# Data for this task:
# # # #
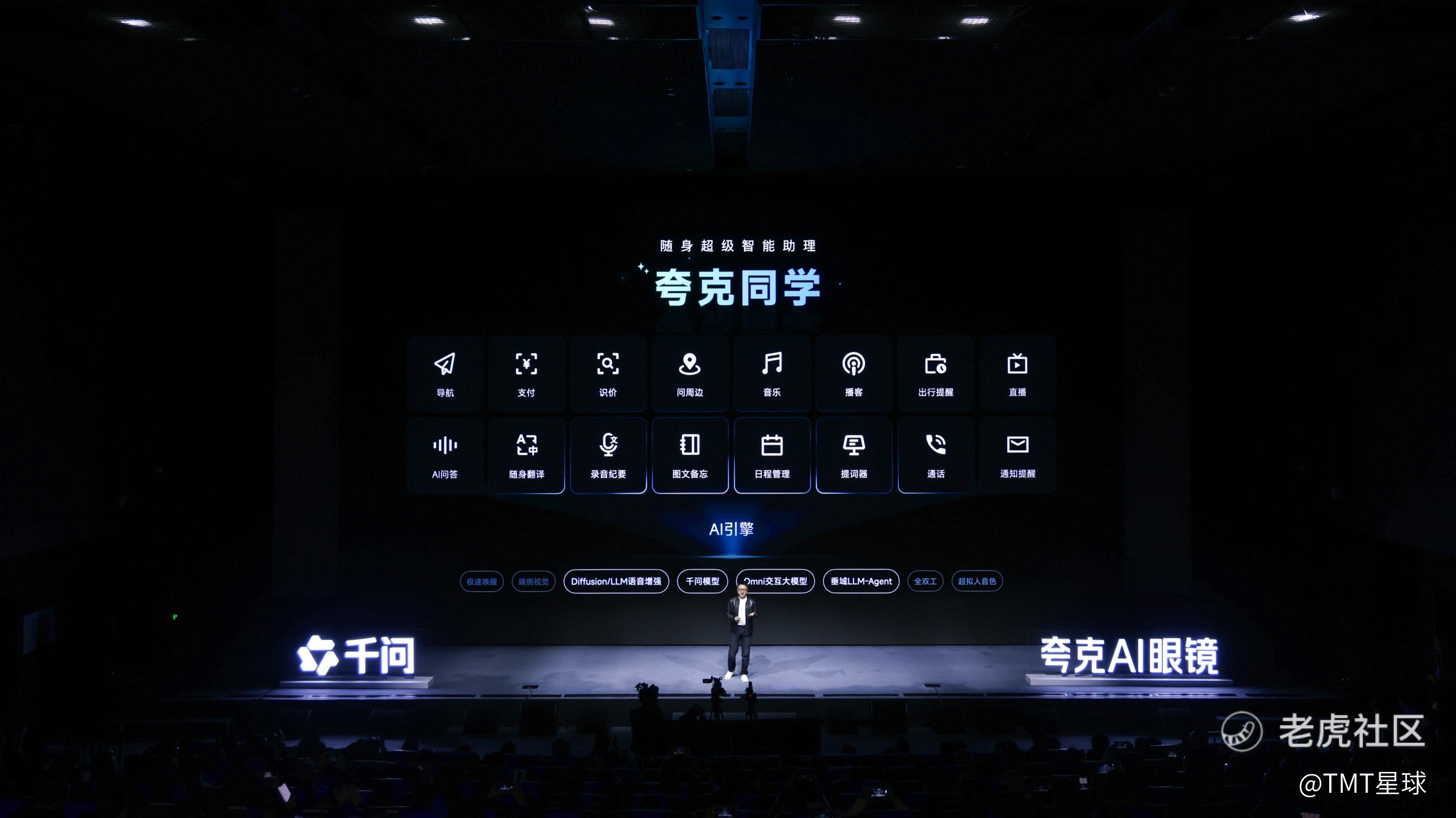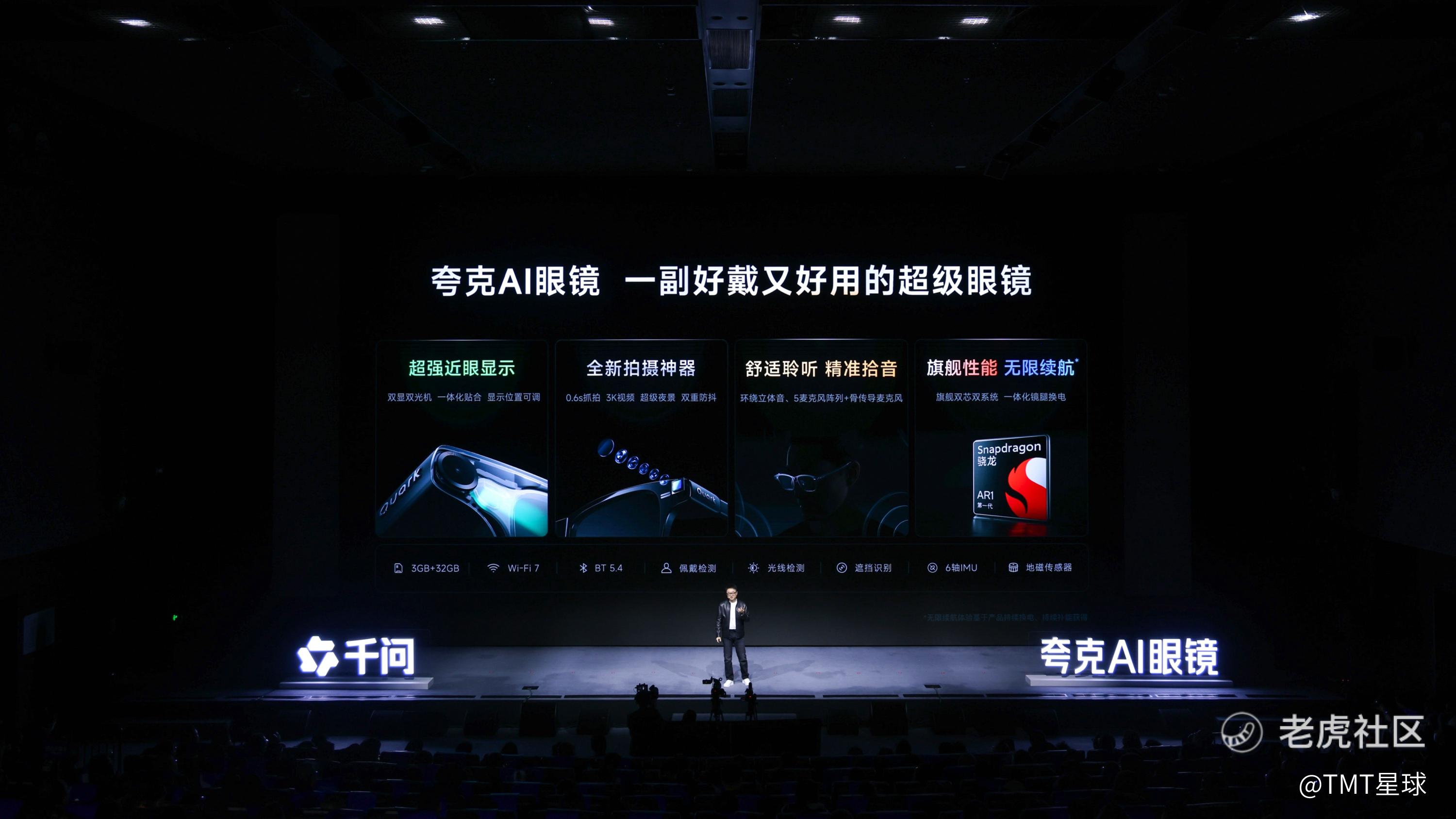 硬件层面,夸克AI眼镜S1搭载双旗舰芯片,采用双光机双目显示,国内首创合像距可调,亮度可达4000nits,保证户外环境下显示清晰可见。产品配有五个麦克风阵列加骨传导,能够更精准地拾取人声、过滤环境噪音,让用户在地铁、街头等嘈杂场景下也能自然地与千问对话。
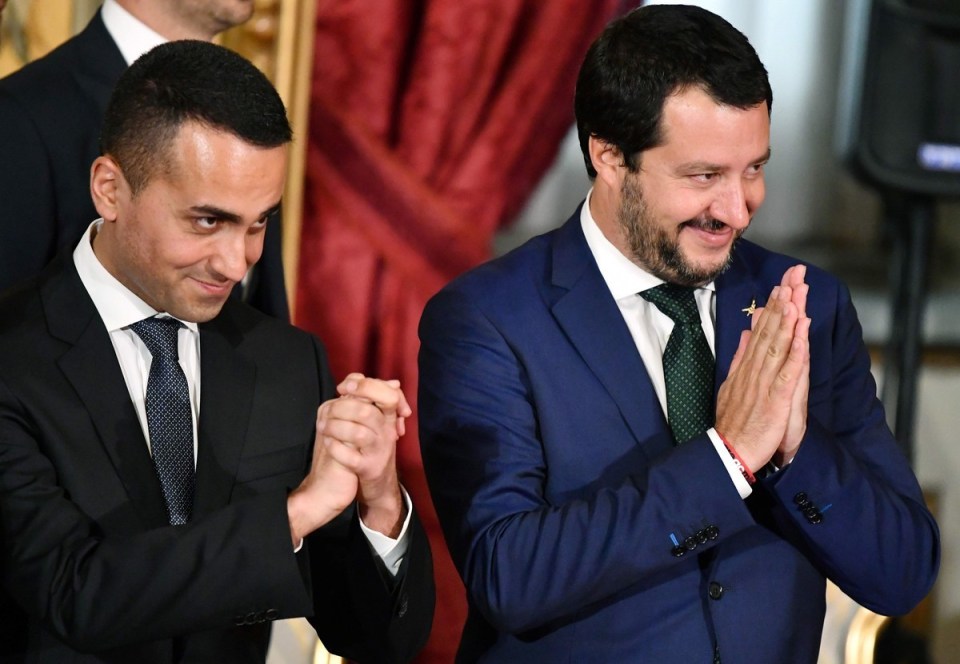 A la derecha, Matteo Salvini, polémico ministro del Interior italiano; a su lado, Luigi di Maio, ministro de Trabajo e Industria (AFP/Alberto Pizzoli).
# # # #
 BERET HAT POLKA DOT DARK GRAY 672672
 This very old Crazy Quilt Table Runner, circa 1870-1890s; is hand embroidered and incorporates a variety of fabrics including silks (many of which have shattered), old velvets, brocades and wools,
# # # #
# Problem statement:
What lines above run from the one with "硬件层面,夸克AI眼镜S1搭" to the one with "A la derecha, Matteo"? Give them again exactly, ends included, and leave the pictures out.

# Task solution:
 硬件层面,夸克AI眼镜S1搭载双旗舰芯片,采用双光机双目显示,国内首创合像距可调,亮度可达4000nits,保证户外环境下显示清晰可见。产品配有五个麦克风阵列加骨传导,能够更精准地拾取人声、过滤环境噪音,让用户在地铁、街头等嘈杂场景下也能自然地与千问对话。
 A la derecha, Matteo Salvini, polémico ministro del Interior italiano; a su lado, Luigi di Maio, ministro de Trabajo e Industria (AFP/Alberto Pizzoli).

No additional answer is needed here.